I’ve gone back and forth around this, the intention was to emphasise that the term knowledge base, when used in this document, is not a generic place for all forms of metadata. I struggled to think of good terminology to describe the subset of metadata we are covering (more on this below).

I would very much like to distinguish between the different contexts of metadata and which concepts relate to each of them (alternative versions of the domain diagram had contexts overlaid upon it).

Based on the domain model diagram and other discussion, it sounds like there is a large role for what I think of as “management metadata.” This includes entitlements, subscription models, costs, usage statistics, loans, etc. It’s metadata that describes a library’s interaction with a resource, rather than the content of the resource itself. I’m a little unsure whether this document intends to focus on both bibliographic and management metadata or if the intention is to take the just bibliographic metadata as a starting point.

The scope of what we are referring to as the Knowledge Base and Metadata work is one of the conversations I hope this document starts.

At the moment, I think it attempts to partially cover aspects of both bibliographic and management metadata, whilst ignoring many aspects of both (e.g. subscription only models a subscription to an electronic package, not to a print journal at the moment).

It might be that this mixed form is a little clunky and confused, it might be that separate documents emerge for each category of metadata. In this document, it was intended to provide context to the domain which the Knowledge Base and Metadata development over the next quarter will likely participate in.

Some of the concepts are intended to represent relationships with other module development, e.g. loan will likely belong in a circulation module and refer to an item.

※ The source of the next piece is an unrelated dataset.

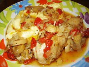 Ingrediente: 4 pulpe 200 g ciuperci 2 cepe potrivite 2 rosii 100 ml vin alb 2 catei de usturoi ulei...
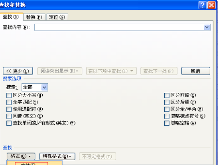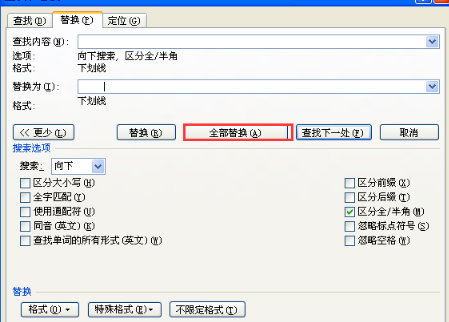 4、选择替换选项卡,在替换为输入框中输入若干个空格,单击格式按钮,在下拉选项中选择字体,重复第3步操作,单击全部替换按钮即可,如图所示。

Two of the challenges that the ongoing development of the Knowledge Base and Metadata suite of modules has is that it is ongoing concurrently with the UX/Analysis processes for many of the contexts which will use it (e.g. the RM SIG Boston face to face meeting) and that it will likely form a linchpin for connecting those contexts.

I think there is a need to group the concepts we are modelling in FOLIO by named contexts. The list below could be a starter for 10 (and covers a broader domain than the document). It is very likely that the granularity of these contexts is incorrect at this point.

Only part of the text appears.